There's a nice packaging thing you do...
On Wed, Jan 13, 2010 at 2:05 PM, Paul Johnson <pauljohn32 at gmail.com> wrote:
Hello, Dirk (and everybody): I have Ubuntu on some systems and I notice there's a very nice thing you do with your R packages. ?The system is setup so that packages installed from deb go into /usr/lib/R, while packages built from scratch by root go into /usr/local/.., and if the user runs install.packages(), then it gets dumped into the user's own account. I'm much more familiar with RedHat/Fedora systems, and they don't have that approach built in. ?I've not tried to install a package on an RPM based system as an ordinary user lately, but in the old days it failed because user's can't write in /usr/lib. ?I am certain the RPM based systems don't segregate packages installed from RPM and built by root with install.packages.
Interesting that you bring this up. I can confirm this (lack of) behavior on RedHat atleast.
From the *NEW FEATURES* section under *CHANGES IN R VERSION 2.5.0* of
http://www.cran.r-project.org/src/base/NEWS If 'lib' is not specified or is specified of length one and the chosen location is not a writable directory, install.packages() offers to create a personal library directory for you if one does not already exist, and to install there.
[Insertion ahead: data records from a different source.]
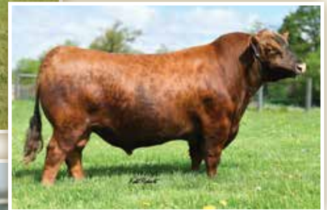
9 MILE FRANCHISE 6305 SIRE OF LOTS 51-56

48H leads off a series of calving ease standouts that are sired by the $105,000 9 Mile Franchise 6305. He is backed by a tremendous New Direction dam from the Dixie tribe. He ranks top 5% GM, top 12% ADG, top 14% Milk, top 12% CEM, top 7% CW, and top 4% REA. 48H is a larger framed calving ease option that will add carcass merit and performance to any set of calves. Recommended for use on well managed heifers.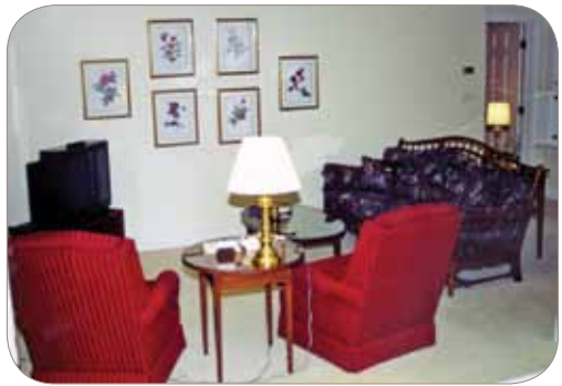
Maid's Apartment (above), Fourth Floor Bedrooms & Sitting Room (below)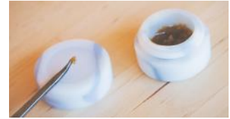
Dab, a concentrated form of marijuana with dab tool

Research also shows that about 1 in 6 teens who repeatedly use marijuana can become addicted, as compared to 1 in 9 adults. Further, kids who vape are more likely to use combustible cigarettes and try marijuana than their non-vaping peers.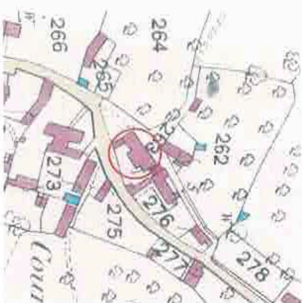
Fig.2: Extract from the 1886 1st edition OS map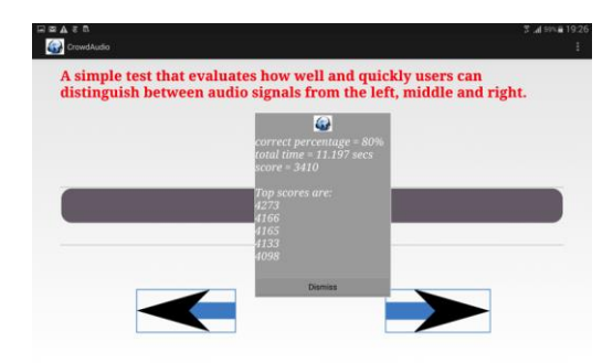
Figure 5. Results are summarized following the test.

perhaps be outweighed by the advantages of the availability of large amounts of data.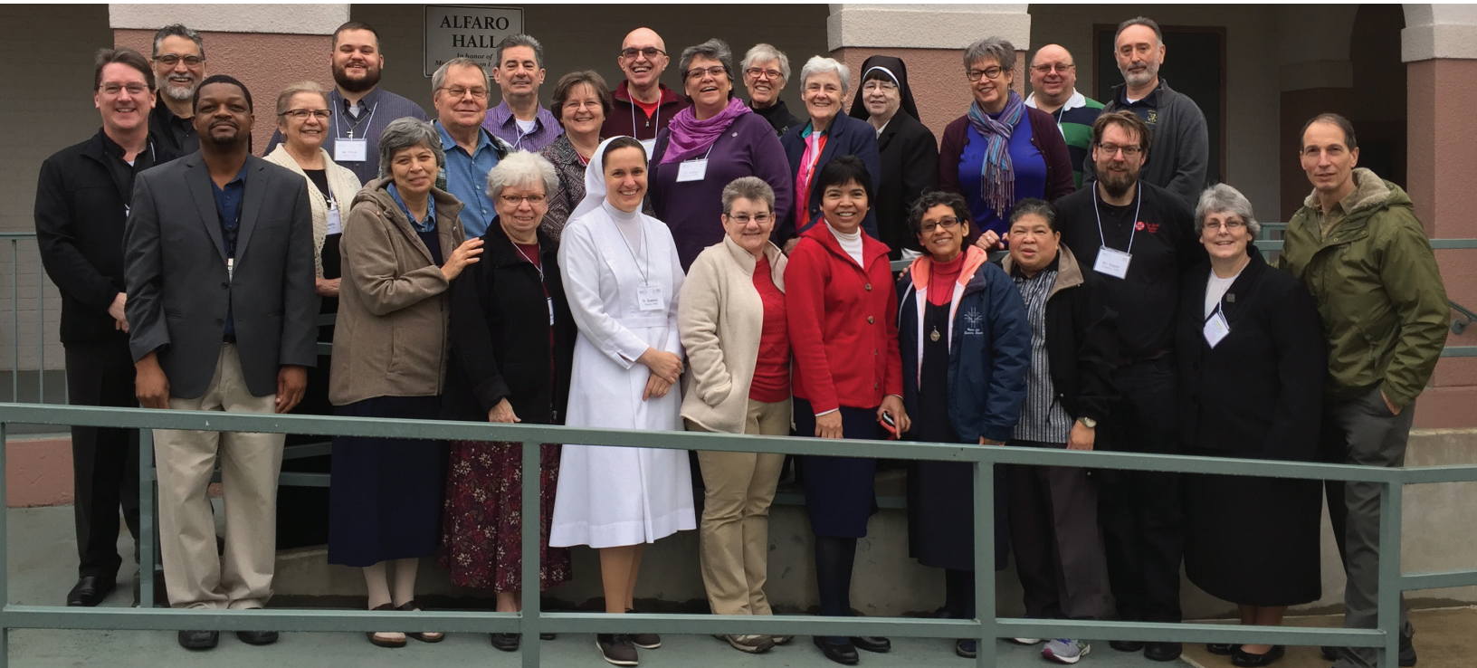
Participants at the Roots of Racism Workshop held at the Mexican American Catholic College in San Antonio, February 2018.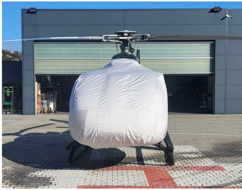
Airbus Helicopter H-130 Bubble Cover, Extends To Cover Fwd Engine Inlet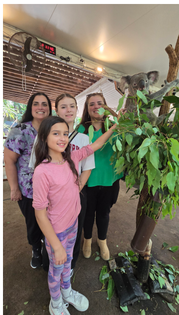
Petting a Koala in Queensland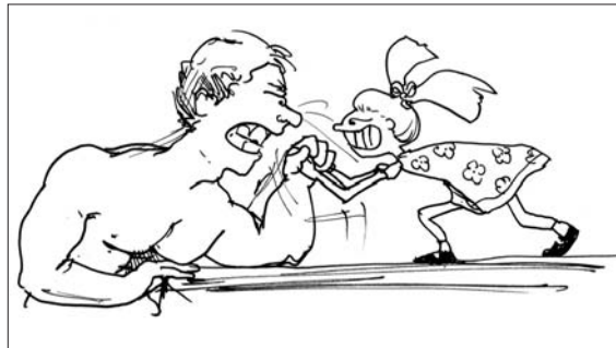
Figure 1. This body-builder has normal kidneys and a creatinine level of 120 \mu\text{mol/l} . The little girl has normal kidneys and a creatinine level of less than 60 \mu\text{mol/l} .

These are the best routine blood tests for measuring how well your kidneys are working. Creatinine is produced by muscles and excreted by the kidneys. Because it is produced by muscles,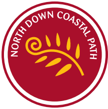
Medium Distance an additional disc should be used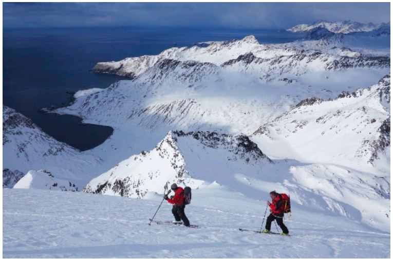
Ski ascent above Ocean Harbour and feeding time at St Andrews's.

However, it may be necessary on occasion to carry skis for the first few hundred metres over snow-free beach and tussock grass. Most of the proposed journeys are on ice-free parts of the north coast. However, some excursions may take us on to glaciers, where we will travel roped. One or two excursions will include a mountain summit.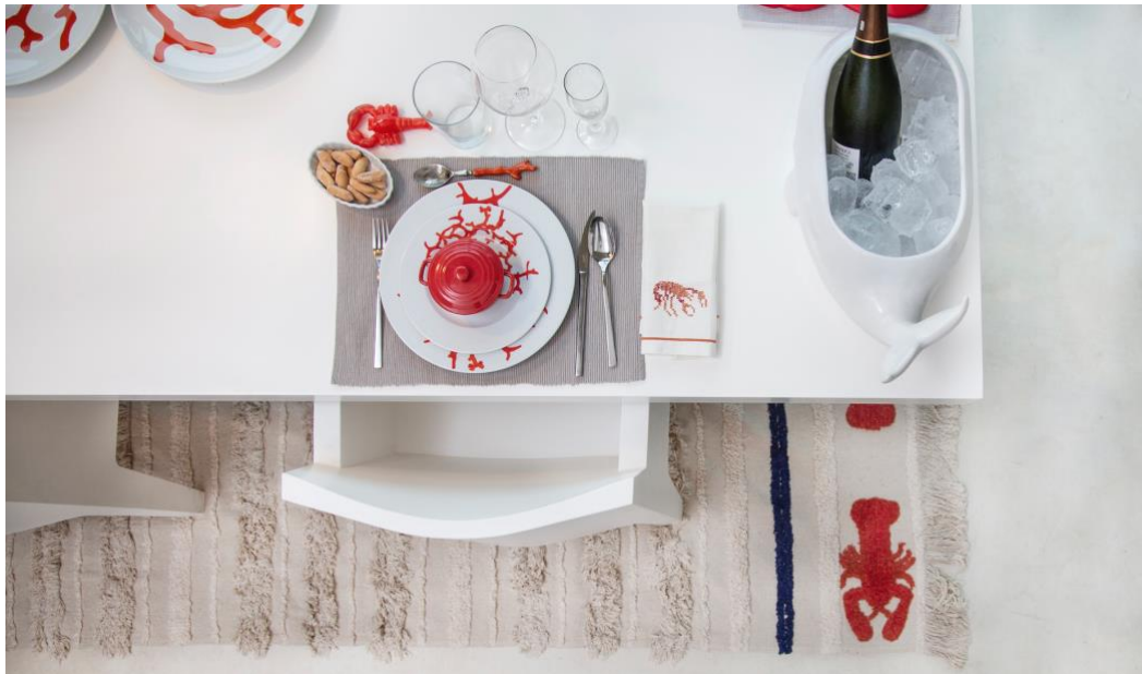
Washable rug Mini Lobster 170x240cm (265€.)

The intense reddish tones of the living coral in the lobsters stand out on the bases in natural colors, inspired by the fine white sand of the paradisiacal beaches. A fresh, young color and with energy that applied to the home makes us live an eternal summer. The blue of the sea takes the form of thin stripes in navy blue that give the collection a marine and fresh touch. The entire collection is carefully crafted by hand, one by one, by the expert artisans in India, using natural cotton and non-toxic dyes.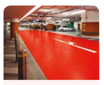
Basement Level Car Park Deck Systems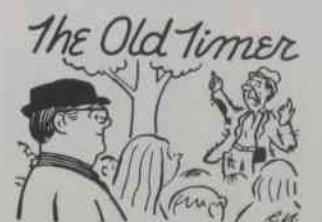
"A lot of fellows who spout so profusely about capital and labor never had any capital and never did any labor."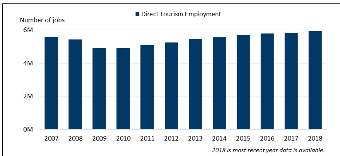
Figure 1. U.S. Travel and Tourism Industry Employment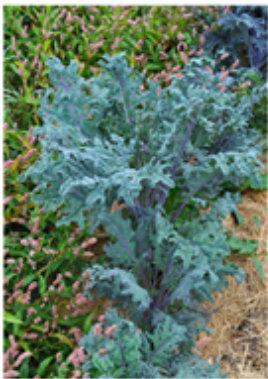
'Purple Peacock' Broccoli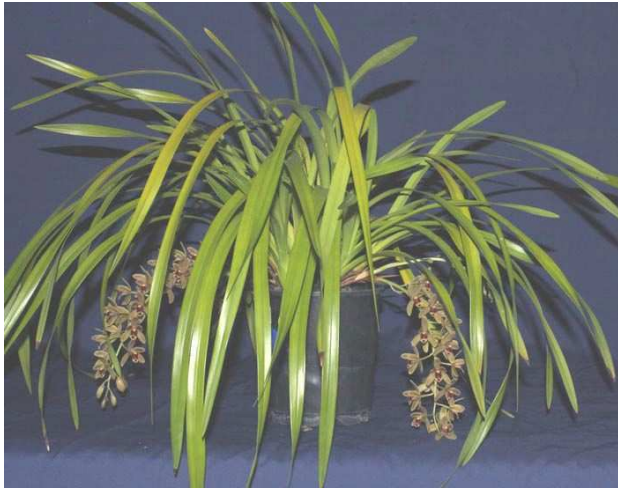
Champion Cymbidium. Cymbidium Scallywag 'Sweet Charms' grown by Brian and Lynne Phelan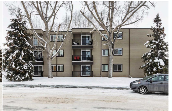
306-36 Glenbrook Crescent, Cochrane, AB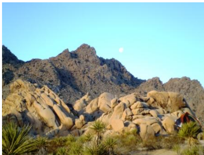
Beautiful Morning at Joshua Tree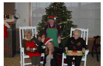
Laughter is the best medicine!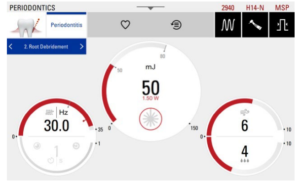
Figure 4: Settings used for subgingival plaque, granulations and calculus removal

For final decontamination and stabilization of the fibrin clot, the diode laser with 1064 nm wavelength, 4 W in continuous wave mode was applied again. The laser fiber tip was introduced into the periodontal pocket at a depth of 1 mm less than the value obtained through the probing procedure. The tip was held parallel to the long axis of the tooth, activated and kept in constant motion scanning the pocket wall until stable fibrin clot was achieved.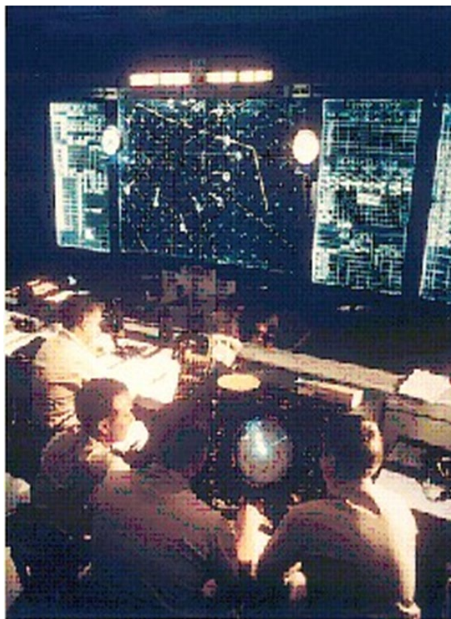
Advances in evolving technology rapidly led to changes in Keesler's training.

By the mid-1960s, the United States was beginning to deploy substantial forces to Southeast Asia. The Vietnam War buildup caused base-wide shortages of everything from uniforms to post office boxes, but it also returned pilot training to Keesler for the first time since 1953. On 15 January 1967, the 3389th Pilot Training Squadron was activated and equipped with T-28 Trojans. Its mission was to teach Military Assistance Program (MAP) students how to fly. The squadron hosted personnel from many countries, including Iran, Mexico, and Peru, but especially from South Vietnam. Of the 908 pilots who graduated before the squadron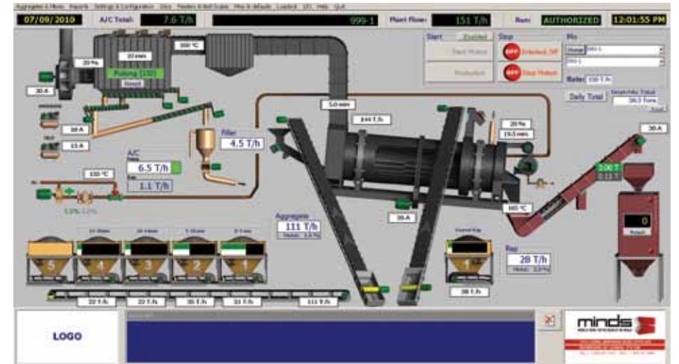
The DrumTronic system allows plant operators the option of one to four screens that display bar graphs, plant configurations, charts, and more to give a quick and easy snapshot of the plant's status.

"This was one of the first controls in 1999 to use Windows operating system instead of DOS oper-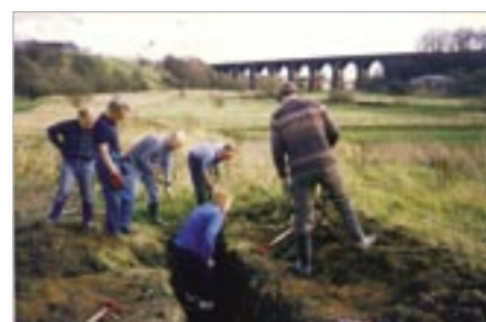
Newton Common Lock

One of the most unusual developments in recent years has been the proposed link from the Sankey to the Leeds & Liverpool Canal, which would, for the first time, create a direct connection to the main waterway system. A number of alternative routes have been put forward and the feasibility of each is currently being investigated. There is little doubt that a fully 'connected' canal would encourage far more people to use the Sankey for various leisure activities, particularly given the Pierhead Link scheme currently underway on Liverpool's waterfront.

If I understand correctly, this "feature" is not an artifact of a distribution specific packaging. It irks me how an rpm installation (I can talk of RedHat 5.4 only) blatantly ignores this, even to this day (R 2.10.0)! And I fail to understand how/why, especially when R_LIBS_USER is very specifically hardcoded in /usr/lib64/R/etc/Renviron (for x86_64)!!! (Anyway, this is not the appropriate list for discussing any solution.)